What to produce – Set down all of the lines below exactly as they are given.

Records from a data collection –
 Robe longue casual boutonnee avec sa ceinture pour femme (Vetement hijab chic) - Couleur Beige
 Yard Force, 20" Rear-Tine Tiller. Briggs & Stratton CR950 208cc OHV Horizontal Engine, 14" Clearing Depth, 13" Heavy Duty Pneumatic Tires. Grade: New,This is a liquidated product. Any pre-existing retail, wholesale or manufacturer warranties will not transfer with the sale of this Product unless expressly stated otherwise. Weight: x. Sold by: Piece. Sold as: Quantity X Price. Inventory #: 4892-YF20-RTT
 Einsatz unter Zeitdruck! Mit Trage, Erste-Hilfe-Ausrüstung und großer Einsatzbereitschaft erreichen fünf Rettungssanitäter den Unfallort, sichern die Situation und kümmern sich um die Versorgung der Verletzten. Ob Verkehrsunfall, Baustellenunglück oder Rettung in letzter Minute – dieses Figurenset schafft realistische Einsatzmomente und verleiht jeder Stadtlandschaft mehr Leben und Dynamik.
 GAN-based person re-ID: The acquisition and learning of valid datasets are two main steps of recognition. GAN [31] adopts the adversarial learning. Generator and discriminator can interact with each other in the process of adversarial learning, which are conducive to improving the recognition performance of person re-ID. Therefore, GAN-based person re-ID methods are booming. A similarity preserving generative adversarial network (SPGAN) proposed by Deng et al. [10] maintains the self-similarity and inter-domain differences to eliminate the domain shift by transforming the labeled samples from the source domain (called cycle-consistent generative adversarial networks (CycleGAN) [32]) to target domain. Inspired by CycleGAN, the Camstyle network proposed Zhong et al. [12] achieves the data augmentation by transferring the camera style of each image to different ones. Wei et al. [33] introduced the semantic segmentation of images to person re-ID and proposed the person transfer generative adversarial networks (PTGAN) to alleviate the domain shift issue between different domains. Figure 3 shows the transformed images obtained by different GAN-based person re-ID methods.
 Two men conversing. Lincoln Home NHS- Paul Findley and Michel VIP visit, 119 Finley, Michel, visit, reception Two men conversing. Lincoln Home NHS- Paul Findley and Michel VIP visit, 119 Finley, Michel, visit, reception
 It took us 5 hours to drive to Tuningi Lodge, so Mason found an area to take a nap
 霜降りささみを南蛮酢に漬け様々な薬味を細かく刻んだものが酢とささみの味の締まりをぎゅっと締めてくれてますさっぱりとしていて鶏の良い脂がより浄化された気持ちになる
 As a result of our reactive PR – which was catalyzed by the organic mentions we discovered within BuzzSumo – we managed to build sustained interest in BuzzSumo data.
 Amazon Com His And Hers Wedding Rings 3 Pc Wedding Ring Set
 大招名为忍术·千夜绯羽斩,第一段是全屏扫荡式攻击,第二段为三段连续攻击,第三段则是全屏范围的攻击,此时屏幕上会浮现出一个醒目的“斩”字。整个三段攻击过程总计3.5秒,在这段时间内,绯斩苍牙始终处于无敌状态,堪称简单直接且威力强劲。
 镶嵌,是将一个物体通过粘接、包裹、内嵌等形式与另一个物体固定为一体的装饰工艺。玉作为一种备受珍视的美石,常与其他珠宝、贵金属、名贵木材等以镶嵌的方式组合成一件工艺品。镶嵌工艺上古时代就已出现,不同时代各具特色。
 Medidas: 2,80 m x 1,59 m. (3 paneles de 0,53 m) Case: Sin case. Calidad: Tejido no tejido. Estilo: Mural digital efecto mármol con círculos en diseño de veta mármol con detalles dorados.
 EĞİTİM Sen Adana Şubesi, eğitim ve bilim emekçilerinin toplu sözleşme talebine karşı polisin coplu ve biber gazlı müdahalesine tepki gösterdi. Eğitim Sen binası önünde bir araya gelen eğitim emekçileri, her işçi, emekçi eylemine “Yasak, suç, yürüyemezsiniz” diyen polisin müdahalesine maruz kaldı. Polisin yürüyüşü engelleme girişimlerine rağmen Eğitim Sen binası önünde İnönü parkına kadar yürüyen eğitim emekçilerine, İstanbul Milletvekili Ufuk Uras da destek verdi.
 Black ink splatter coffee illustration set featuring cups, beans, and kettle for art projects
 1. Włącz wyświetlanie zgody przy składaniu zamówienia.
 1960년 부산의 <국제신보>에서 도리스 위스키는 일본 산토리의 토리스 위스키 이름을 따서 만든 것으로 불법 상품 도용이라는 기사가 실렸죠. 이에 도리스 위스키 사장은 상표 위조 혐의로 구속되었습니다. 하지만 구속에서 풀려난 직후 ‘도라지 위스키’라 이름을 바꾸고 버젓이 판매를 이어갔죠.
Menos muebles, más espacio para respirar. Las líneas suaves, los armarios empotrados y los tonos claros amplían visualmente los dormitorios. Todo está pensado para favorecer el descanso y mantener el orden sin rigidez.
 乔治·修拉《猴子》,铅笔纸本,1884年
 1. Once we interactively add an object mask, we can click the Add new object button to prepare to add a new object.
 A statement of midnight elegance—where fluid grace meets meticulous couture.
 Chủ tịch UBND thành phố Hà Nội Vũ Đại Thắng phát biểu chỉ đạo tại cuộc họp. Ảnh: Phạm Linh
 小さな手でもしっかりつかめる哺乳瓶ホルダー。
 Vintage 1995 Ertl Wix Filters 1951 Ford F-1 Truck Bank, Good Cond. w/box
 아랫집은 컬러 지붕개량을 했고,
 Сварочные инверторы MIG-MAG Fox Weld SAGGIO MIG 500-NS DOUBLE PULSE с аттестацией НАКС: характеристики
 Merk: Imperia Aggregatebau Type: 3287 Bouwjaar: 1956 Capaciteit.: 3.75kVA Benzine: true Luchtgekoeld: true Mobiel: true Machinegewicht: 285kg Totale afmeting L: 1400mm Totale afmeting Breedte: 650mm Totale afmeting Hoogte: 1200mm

Answer space –
 Robe longue casual boutonnee avec sa ceinture pour femme (Vetement hijab chic) - Couleur Beige
 Yard Force, 20" Rear-Tine Tiller. Briggs & Stratton CR950 208cc OHV Horizontal Engine, 14" Clearing Depth, 13" Heavy Duty Pneumatic Tires. Grade: New,This is a liquidated product. Any pre-existing retail, wholesale or manufacturer warranties will not transfer with the sale of this Product unless expressly stated otherwise. Weight: x. Sold by: Piece. Sold as: Quantity X Price. Inventory #: 4892-YF20-RTT
 Einsatz unter Zeitdruck! Mit Trage, Erste-Hilfe-Ausrüstung und großer Einsatzbereitschaft erreichen fünf Rettungssanitäter den Unfallort, sichern die Situation und kümmern sich um die Versorgung der Verletzten. Ob Verkehrsunfall, Baustellenunglück oder Rettung in letzter Minute – dieses Figurenset schafft realistische Einsatzmomente und verleiht jeder Stadtlandschaft mehr Leben und Dynamik.
 GAN-based person re-ID: The acquisition and learning of valid datasets are two main steps of recognition. GAN [31] adopts the adversarial learning. Generator and discriminator can interact with each other in the process of adversarial learning, which are conducive to improving the recognition performance of person re-ID. Therefore, GAN-based person re-ID methods are booming. A similarity preserving generative adversarial network (SPGAN) proposed by Deng et al. [10] maintains the self-similarity and inter-domain differences to eliminate the domain shift by transforming the labeled samples from the source domain (called cycle-consistent generative adversarial networks (CycleGAN) [32]) to target domain. Inspired by CycleGAN, the Camstyle network proposed Zhong et al. [12] achieves the data augmentation by transferring the camera style of each image to different ones. Wei et al. [33] introduced the semantic segmentation of images to person re-ID and proposed the person transfer generative adversarial networks (PTGAN) to alleviate the domain shift issue between different domains. Figure 3 shows the transformed images obtained by different GAN-based person re-ID methods.
 Two men conversing. Lincoln Home NHS- Paul Findley and Michel VIP visit, 119 Finley, Michel, visit, reception Two men conversing. Lincoln Home NHS- Paul Findley and Michel VIP visit, 119 Finley, Michel, visit, reception
 It took us 5 hours to drive to Tuningi Lodge, so Mason found an area to take a nap
 霜降りささみを南蛮酢に漬け様々な薬味を細かく刻んだものが酢とささみの味の締まりをぎゅっと締めてくれてますさっぱりとしていて鶏の良い脂がより浄化された気持ちになる
 As a result of our reactive PR – which was catalyzed by the organic mentions we discovered within BuzzSumo – we managed to build sustained interest in BuzzSumo data.
 Amazon Com His And Hers Wedding Rings 3 Pc Wedding Ring Set
 大招名为忍术·千夜绯羽斩,第一段是全屏扫荡式攻击,第二段为三段连续攻击,第三段则是全屏范围的攻击,此时屏幕上会浮现出一个醒目的“斩”字。整个三段攻击过程总计3.5秒,在这段时间内,绯斩苍牙始终处于无敌状态,堪称简单直接且威力强劲。
 镶嵌,是将一个物体通过粘接、包裹、内嵌等形式与另一个物体固定为一体的装饰工艺。玉作为一种备受珍视的美石,常与其他珠宝、贵金属、名贵木材等以镶嵌的方式组合成一件工艺品。镶嵌工艺上古时代就已出现,不同时代各具特色。
 Medidas: 2,80 m x 1,59 m. (3 paneles de 0,53 m) Case: Sin case. Calidad: Tejido no tejido. Estilo: Mural digital efecto mármol con círculos en diseño de veta mármol con detalles dorados.
 EĞİTİM Sen Adana Şubesi, eğitim ve bilim emekçilerinin toplu sözleşme talebine karşı polisin coplu ve biber gazlı müdahalesine tepki gösterdi. Eğitim Sen binası önünde bir araya gelen eğitim emekçileri, her işçi, emekçi eylemine “Yasak, suç, yürüyemezsiniz” diyen polisin müdahalesine maruz kaldı. Polisin yürüyüşü engelleme girişimlerine rağmen Eğitim Sen binası önünde İnönü parkına kadar yürüyen eğitim emekçilerine, İstanbul Milletvekili Ufuk Uras da destek verdi.
 Black ink splatter coffee illustration set featuring cups, beans, and kettle for art projects
 1. Włącz wyświetlanie zgody przy składaniu zamówienia.
 1960년 부산의 <국제신보>에서 도리스 위스키는 일본 산토리의 토리스 위스키 이름을 따서 만든 것으로 불법 상품 도용이라는 기사가 실렸죠. 이에 도리스 위스키 사장은 상표 위조 혐의로 구속되었습니다. 하지만 구속에서 풀려난 직후 ‘도라지 위스키’라 이름을 바꾸고 버젓이 판매를 이어갔죠.
Menos muebles, más espacio para respirar. Las líneas suaves, los armarios empotrados y los tonos claros amplían visualmente los dormitorios. Todo está pensado para favorecer el descanso y mantener el orden sin rigidez.
 乔治·修拉《猴子》,铅笔纸本,1884年
 1. Once we interactively add an object mask, we can click the Add new object button to prepare to add a new object.
 A statement of midnight elegance—where fluid grace meets meticulous couture.
 Chủ tịch UBND thành phố Hà Nội Vũ Đại Thắng phát biểu chỉ đạo tại cuộc họp. Ảnh: Phạm Linh
 小さな手でもしっかりつかめる哺乳瓶ホルダー。
 Vintage 1995 Ertl Wix Filters 1951 Ford F-1 Truck Bank, Good Cond. w/box
 아랫집은 컬러 지붕개량을 했고,
 Сварочные инверторы MIG-MAG Fox Weld SAGGIO MIG 500-NS DOUBLE PULSE с аттестацией НАКС: характеристики
 Merk: Imperia Aggregatebau Type: 3287 Bouwjaar: 1956 Capaciteit.: 3.75kVA Benzine: true Luchtgekoeld: true Mobiel: true Machinegewicht: 285kg Totale afmeting L: 1400mm Totale afmeting Breedte: 650mm Totale afmeting Hoogte: 1200mm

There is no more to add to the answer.